Exercise objective: All records that follow are to be copied exactly, with images omitted.

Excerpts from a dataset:

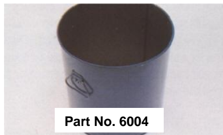
Part No. 6004
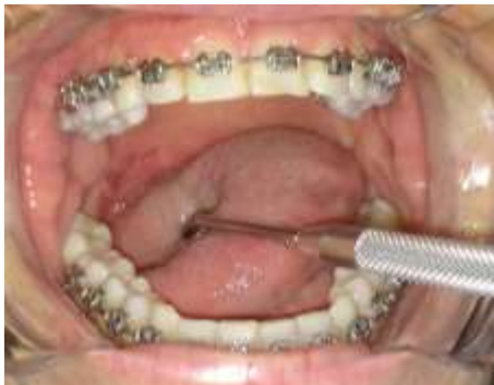
Figure 1: An ulcerated soft palate lesion was observed on the right, with an area of hyperemia around it, approximately 2cm in diameter, irregular edges, with purulent secretion inside and painful to the touch.

During the anamnesis, the patient reported that the symptoms were present for 13 days and, at that time, she even lost 6 kilos. Clinically, an ulcerated soft palate lesion was observed on the right, with an area of hyperemia around it, approximately 2cm in diameter, irregular edges, with purulent secretion inside and painful to the touch (Figure 1). The presence of trismus was also observed. On palpation, presence of hard, mobile and painful lymph nodes in the bilateral submandibular region. The initial diagnosis of an inflammatory lesion in the salivary gland was established.
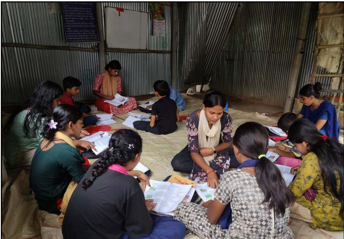
Churmankati tuition class taken by senior students...
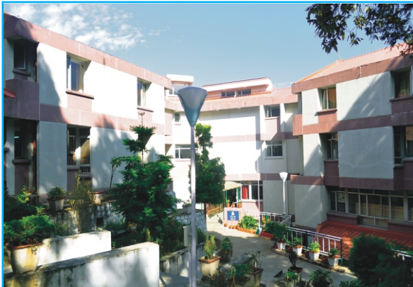
NCGG Mussoorie Campus

NCGG deals with a gamut of governance issues from local, state to national levels, across all sectors. The Centre is mandated to work in the areas of governance, policy reforms, capacity building and training of civil servants and technocrats of India and other developing countries. It also works as a think tank of the Government of India.

Response:
Part No. 6004
Figure 1: An ulcerated soft palate lesion was observed on the right, with an area of hyperemia around it, approximately 2cm in diameter, irregular edges, with purulent secretion inside and painful to the touch.

During the anamnesis, the patient reported that the symptoms were present for 13 days and, at that time, she even lost 6 kilos. Clinically, an ulcerated soft palate lesion was observed on the right, with an area of hyperemia around it, approximately 2cm in diameter, irregular edges, with purulent secretion inside and painful to the touch (Figure 1). The presence of trismus was also observed. On palpation, presence of hard, mobile and painful lymph nodes in the bilateral submandibular region. The initial diagnosis of an inflammatory lesion in the salivary gland was established.
Churmankati tuition class taken by senior students...
NCGG Mussoorie Campus

NCGG deals with a gamut of governance issues from local, state to national levels, across all sectors. The Centre is mandated to work in the areas of governance, policy reforms, capacity building and training of civil servants and technocrats of India and other developing countries. It also works as a think tank of the Government of India.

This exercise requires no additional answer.